**Data below:**
###

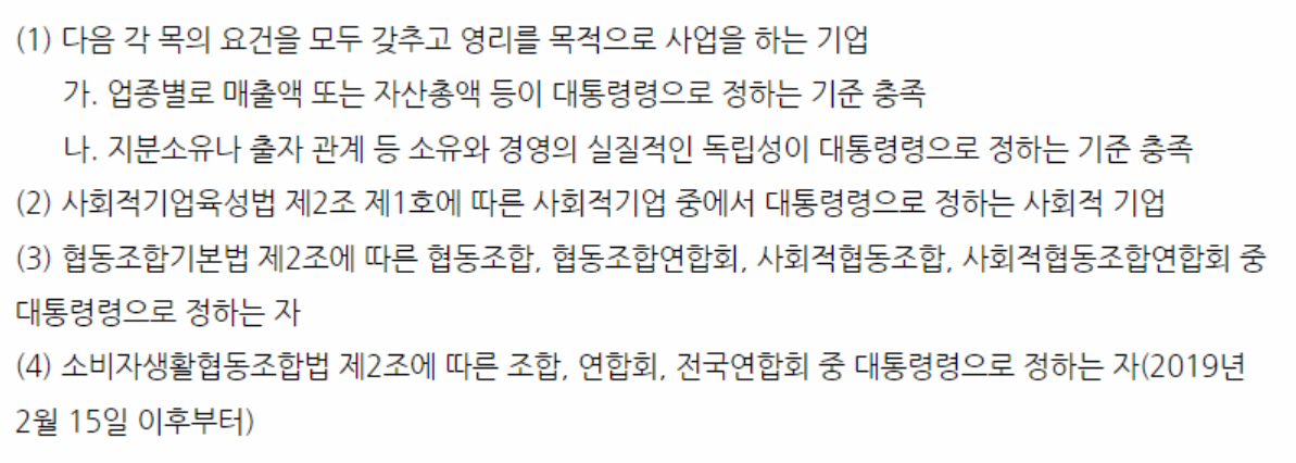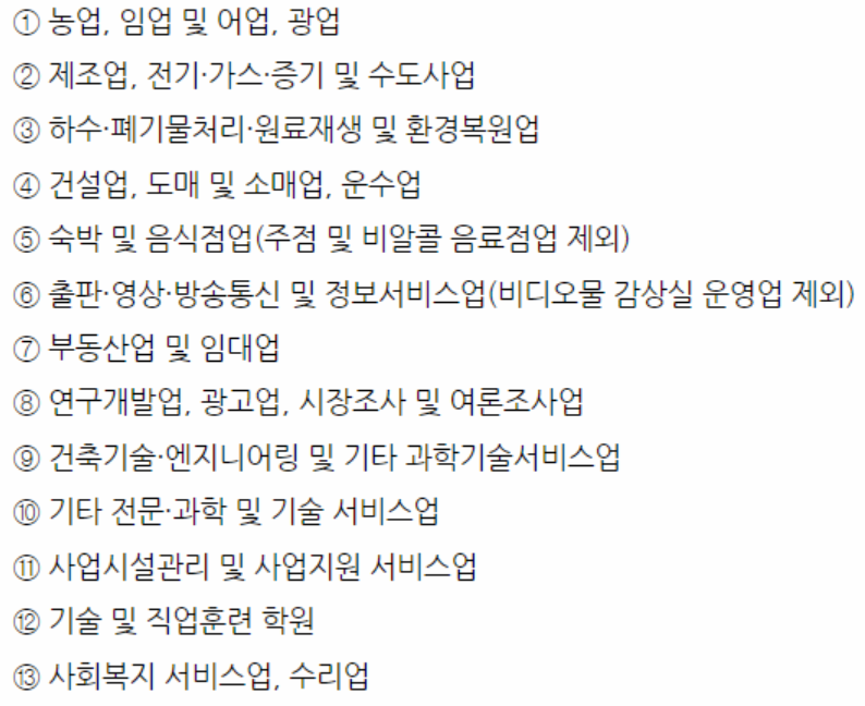 감면 대상 기업은 중소기업법 제2조에 해당하여야 하며 감면 대상 업종을 주된 사업으로 영위하는 조건을 충족해야 합니다. 보건업이나 금융 보험업, 전문 서비스업, 공공기관 및 지방공기업 등 감면 대상 업종이 아닙니다.
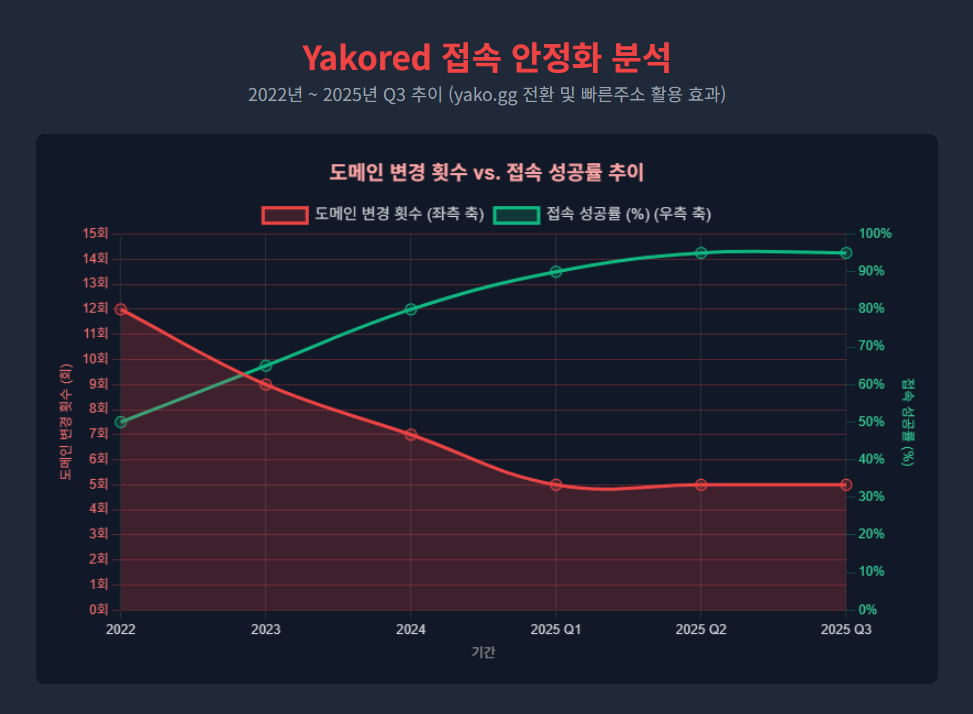 이 선 그래프는 2022년부터 2025년 Q3까지 야코레드 도메인 변경 횟수(빨간 선)와 접속 성공률(초록 선)을 나타냅니다. yako.gg로 전환 후 변경 횟수가 5회로 줄고, 빠른주소 활용으로 성공률이 95%로 상승하며 안정화된 점을 보여줍니다.
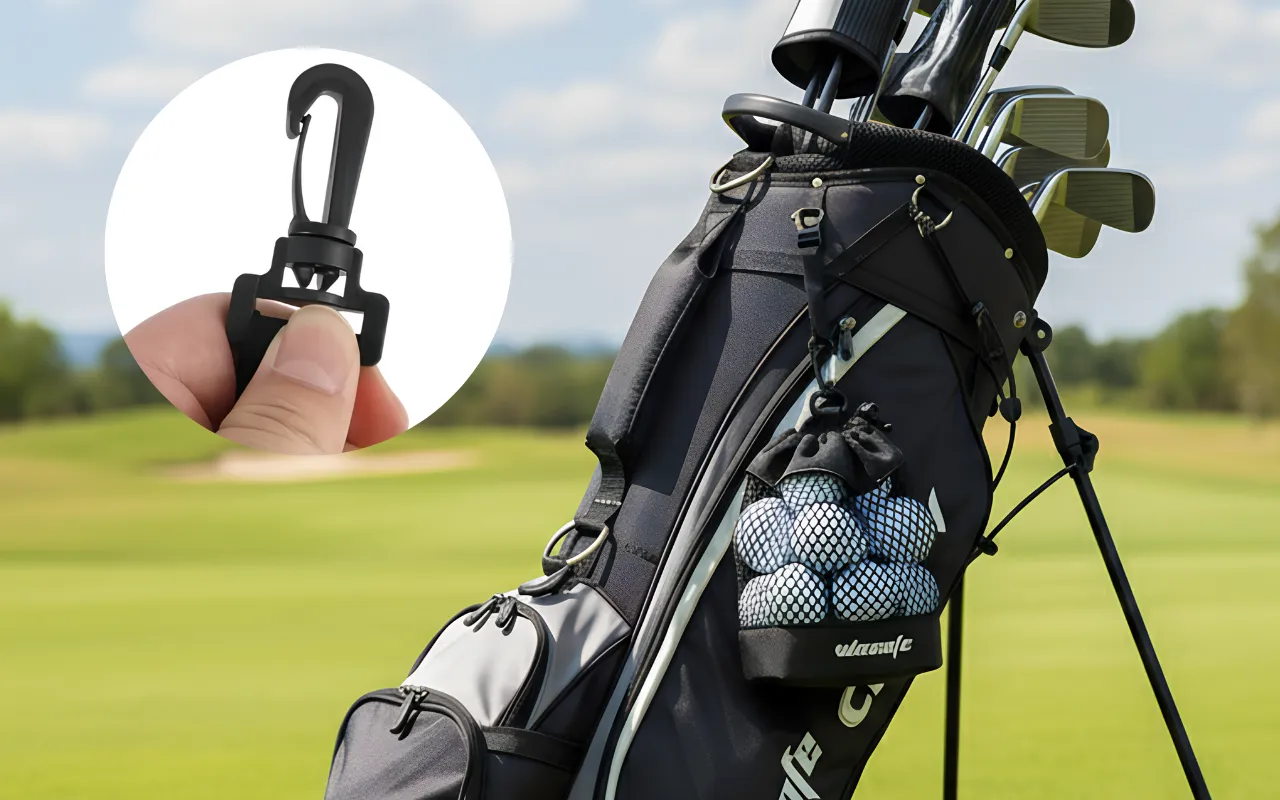 Threo-pallopussi kiinnittyy helposti golfbägiin, kärryyn tai reppuun nopeaa käyttöä varten.

###

**Work instructions:** Apart from the images, every line above is to be given again exactly.

**Exercise solution:**
 감면 대상 기업은 중소기업법 제2조에 해당하여야 하며 감면 대상 업종을 주된 사업으로 영위하는 조건을 충족해야 합니다. 보건업이나 금융 보험업, 전문 서비스업, 공공기관 및 지방공기업 등 감면 대상 업종이 아닙니다.
 이 선 그래프는 2022년부터 2025년 Q3까지 야코레드 도메인 변경 횟수(빨간 선)와 접속 성공률(초록 선)을 나타냅니다. yako.gg로 전환 후 변경 횟수가 5회로 줄고, 빠른주소 활용으로 성공률이 95%로 상승하며 안정화된 점을 보여줍니다.
 Threo-pallopussi kiinnittyy helposti golfbägiin, kärryyn tai reppuun nopeaa käyttöä varten.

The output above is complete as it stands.